Sense and Nonsense About Biometrics

Apple’s Touch ID fingerprint scanner seems to have fueled an important but ill-informed and ultimately nonsensical debate about biometrics and privacy. The latest example is this muddled editorial in the Sept. 22 New York Times.

Fingerprint photoThe Times editorial, and a great deal of other discussion of the issue, errs in confusing two completely different uses of biometric data: authentication and identification.

The iPhone uses fingerprints for authentication. It scans your finger an checks if it matches previously recorded data (read this for a deep dive into how the  process works and why it is secure.) You can record up to five prints. If you want one of them to be your cat’s paw, fine. You can give your cat access access to your iPhone.

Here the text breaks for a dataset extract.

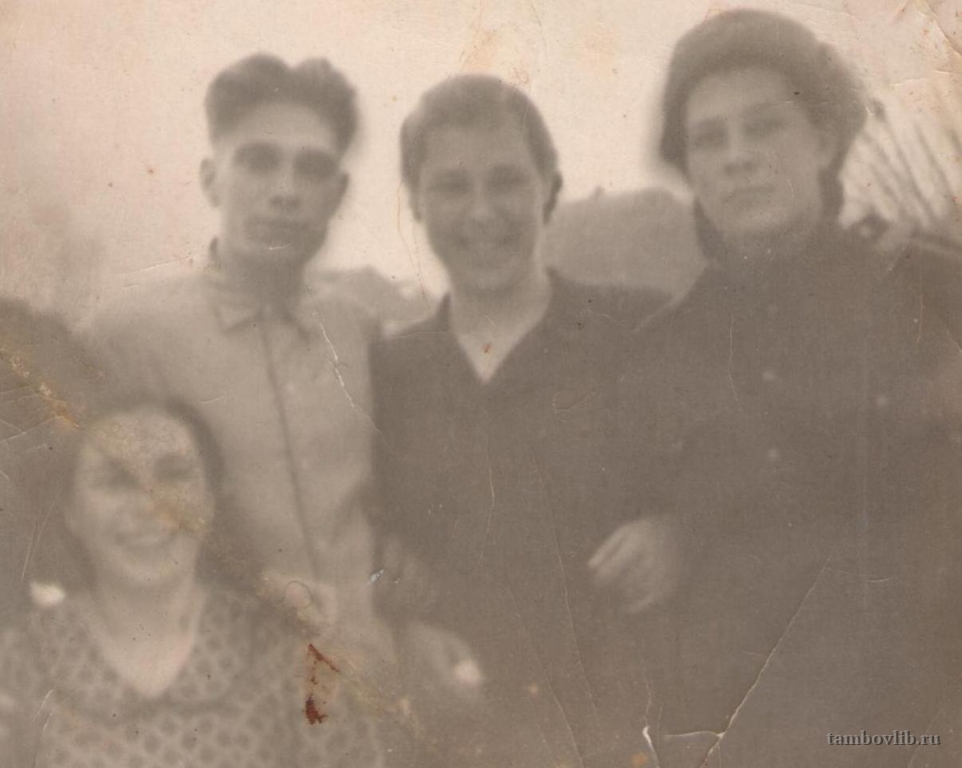 Макарова Валентина Ивановна (слева внизу) с братом Матвеевым Николаем Ивановичем и его супругой.1950 Межпоселенческая центральная библиотека Ржаксинского района Семейное

The phone does not care who the print actually belongs to, just that it matches.

This is what authentication is about. You attempt to access a system claiming to be Mr. X. The system confirms that this is the same person (or cat) who previously  claimed to be Mr. X. It offers no warranty whatever that the person claiming to be Mr. X is Mr. X or, indeed, that Mr. X exists.

Authentication is relatively easy. It is still non-deterministic and, like any other statistical process, subject to both false positives (accepting a print it should reject) and false negatives (rejecting a print it should accept.) But a properly designed system with a good sensor, like Apple’s, can keep the rates of both types of error very small. And as long as the biometric data is stored locally and securely, as Apple maintains is the case with Touch ID,  there is no real privacy issue. In fact, biometric authentication can increase privacy by reducing identify theft.

Identification is what happens when the police find a fingerprint at a crime scene. The FBI lab must compare this unknown print to millions of known prints in its database in search of a match. The likelihood of both false positives and false negatives is much higher than in the authentication case and the quality of any match–the probability that it is not a false positive–may be low. (Good defense lawyers know how to challenge expert witnesses on the quality of fingerprint matches.)

Fingerprint matching is at least backed by decades of experience and a fair amount of science. Other forms of biometric identification, such as face recognition in  crowds, is far more problematical. As Adam Harvey pointed out in an Ignite talk at the Privacy, Identity, Innovation conference in Seattle last week, the current state of technology makes it all but impossible to capture useful biometric data without the cooperation of the target. You have to touch something, hold still for iris scanning, or at least look squarely into a camera with you face unobscured. At best, the data we collect from tens of thousands of surveillance cameras is good only for after-the-fact identification of suspects.

But the technology for on-the-fly biometric data capture is only going to get better. This, not Apple’s fingerprint scanner, is what poses the real threat to privacy and where the debate ought to focus.